KAPADOKYA GEZİLECEK YERLER




Gezi notlarıma başlamadan önce biraz Kapadokya'dan bahsetmek istiyorum.

Güzel atlar ülkesi.

Kapadokya; Erciyes, Hasandağı ve Güllüdağ'ın püskürttüğü lav ve küllerin oluşturduğu yumuşak tabakaların milyonlarca yıl boyunca yağmur ve rüzgar tarafından aşındırılmasıyla oluşan bölge olarak ortaya çıkmış.
Kapadokya için sadece Nevşehir'i kapsar gibi bir yanlış algı var. Oysa Kırşehir, Niğde, Aksaray, Kayseri ve başta Nevşehir olmak üzere illere yayılmış.

Bu kadar çok şehre yayılan bir bölgede çok fazla gezilecek,keşfedilecek nokta var. Kapadokya'yı adımlamaya başladığınız anda bir masal diyarına dalmış gibi hissediyorsunuz ve asla içinden çıkmak istemiyorsunuz. Bu 4 günlük masalın sonsuza kadar Kapadokya'da mutlu yaşadılar şeklinde bitmesini isteyerek ayrılık vaktini karşılıyorsunuz.

Bir daha Kapadokya'ya gelmek dileğiyle.

Hadi şimdi size biraz deneyimlerimden bahsedeyim. :)

Tam anlamıyla hem gökyüzünde hem yerin altında bol tırmanmacalı, bol inişli bir gezi oldu bizimkisi. Siz bu kadar tempolu bir gezi istemiyorsanız da seçeceğiniz birkaç yeri toplu taşıma araçları ile de gezebilirsiniz. Ama özel aracınız olmadan ya da bir tura katılmadan bölgeyi tam anlamı ile gezmek çok güç.Bir de kısıtlı zamanınız varsa mutlaka bir tura katılın derim.

NASIL ULAŞILIR?


Kapadokya'ya çok fazla ulaşım seçeneği mevcut. Ben İstanbul'dan Kayseri'e uçakla gelip sevgili otelimizin bize ayarlamış olduğu "shuttle"ı kullanarak bölgeye ulaşmayı tercih ettim.

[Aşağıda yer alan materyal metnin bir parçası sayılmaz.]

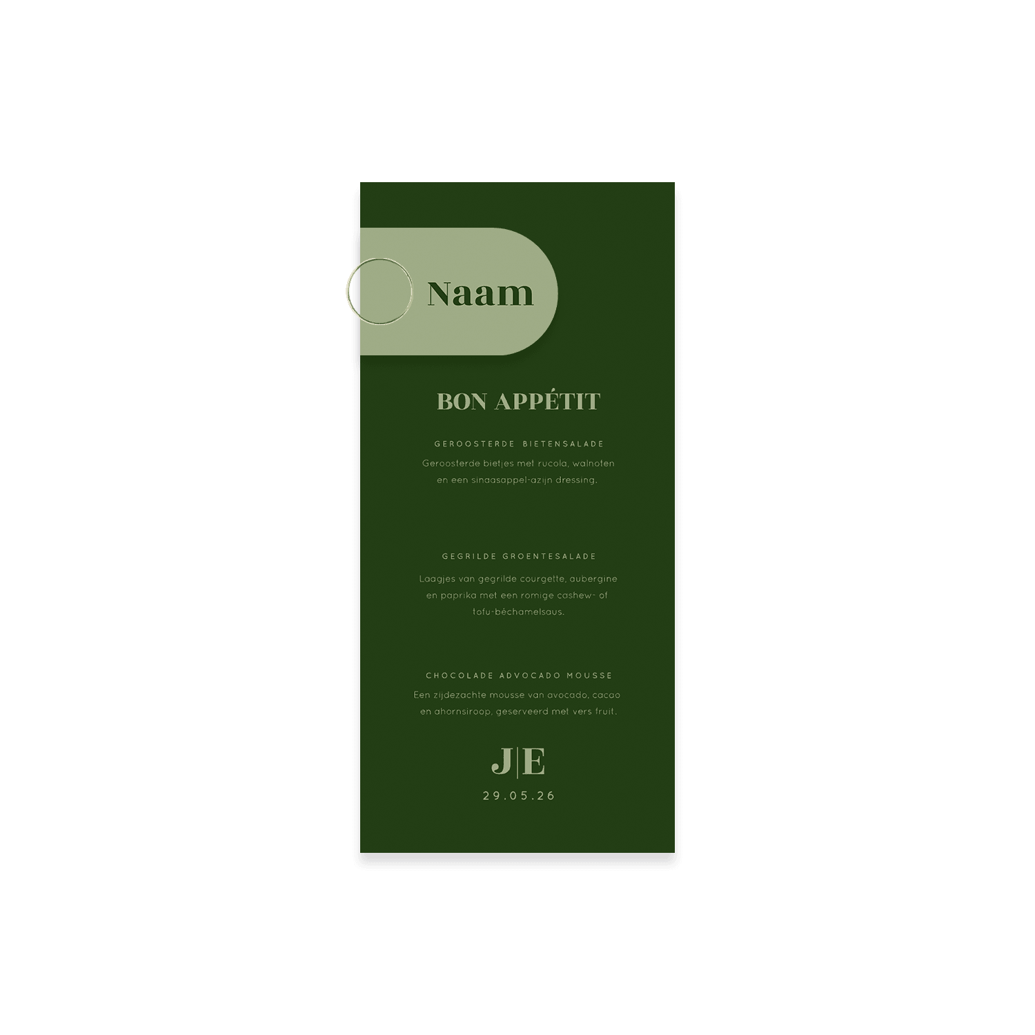 Trendy menukaart in donkergroen. Bij deze menukaart hoort dit naamkaartje . Deze moet los van de menukaart besteld worden. Let op: dit vel gaat per 18 namen. Vergeet ook niet het bevestigingsmateriaal te bestellen.

Uçak ile:  Gidiş-dönüş için 200 lira ödedim ki hem saat açısından hem de maliyet açısından en uygun seçenekti. "Shuttle" için ise tek seferlik 25 lira ödüyorsunuz. ("Shuttle"ı sadece konaklamakta bulunduğunuz otel sağlamıyor. Daha önceden İnternet üzerinden Shuttle hizmeti sağlayan firma ya da tur şirketleri ile anlaşarak da bu hizmetten yararlanabilirsiniz.)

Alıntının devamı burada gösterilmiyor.